Un hydrolat est la phase aqueuse récupérée après la distillation à la vapeur d’une plante, chargée des molécules aromatiques solubles dans l’eau. Bien plus dilué qu’une huile essentielle, il s’applique pur sur la peau. Son point faible reste la conservation : produit fragile, à garder au froid dès l’ouverture, sur une durée courte.

Ce que contient réellement un hydrolat

Le mot recouvre un produit défini, pas une catégorie commerciale.
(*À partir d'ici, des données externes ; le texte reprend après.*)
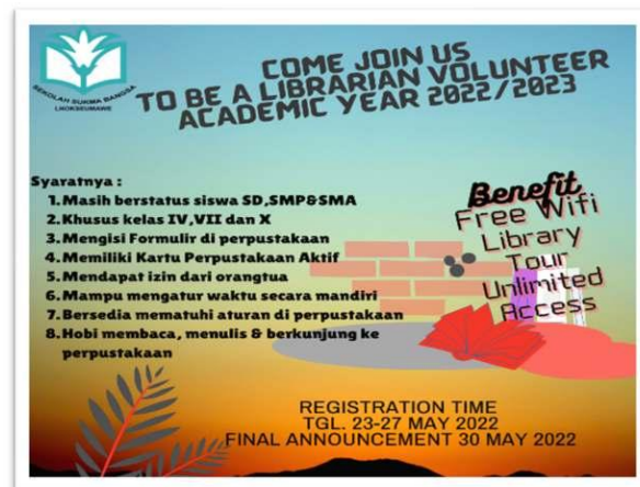
Gambar 3. Flyer Kegiatan

Pada tahap ini, pustakawan sekolah menyiapkan flyer berupa informasi terkait kegiatan. Didalam flyer terdapat informasi terkait persyaratan peserta serta jadwal kegiatan. Selain itu, flyer juga disampaikan melalui forum diskusi WAG dengan manajemen sekolah untuk mendapatkan masukan dan persetujuan bahwa kegiatan akan dimulai. Setelah Flyer disetujui pihak manajemen sekolah, kemudian Flyer dibagikan melalui media sosial dan grup WA sekolah.

La norme ISO 9235, dans sa révision de 2021, décrit l’eau aromatique comme le produit aqueux de condensation qui subsiste après entraînement à la vapeur d’une matière première naturelle et séparation de l’huile essentielle. Elle admet ensuite quelques traitements physiques sans effet notable sur la composition : filtration, décantation, centrifugation.

La Pharmacopée française emploie une formule voisine, celle d’eaux distillées végétales obtenues par entraînement à la vapeur d’eau. Deux textes, une même exigence : le liquide sort d’un alambic.

Tout se joue pendant la distillation. La vapeur traverse la matière végétale et emporte ses composés volatils, puis le condensat se sépare dans l’essencier : l’huile essentielle surnage, l’eau reste en dessous. Cette eau a retenu les molécules hydrosolubles que la phase huileuse ne garde pas, plus une fraction dissoute d’huile essentielle.

Quelle quantité, exactement ? La thèse de Cécile Labadie, soutenue à l’Université de Montpellier en 2015, rappelle l’ordre de grandeur admis dans la filière : moins de 1 gramme de composés volatils par litre. Le reste est de l’eau. Un hydrolat s’utilise donc pur là où une huile essentielle se dilue toujours.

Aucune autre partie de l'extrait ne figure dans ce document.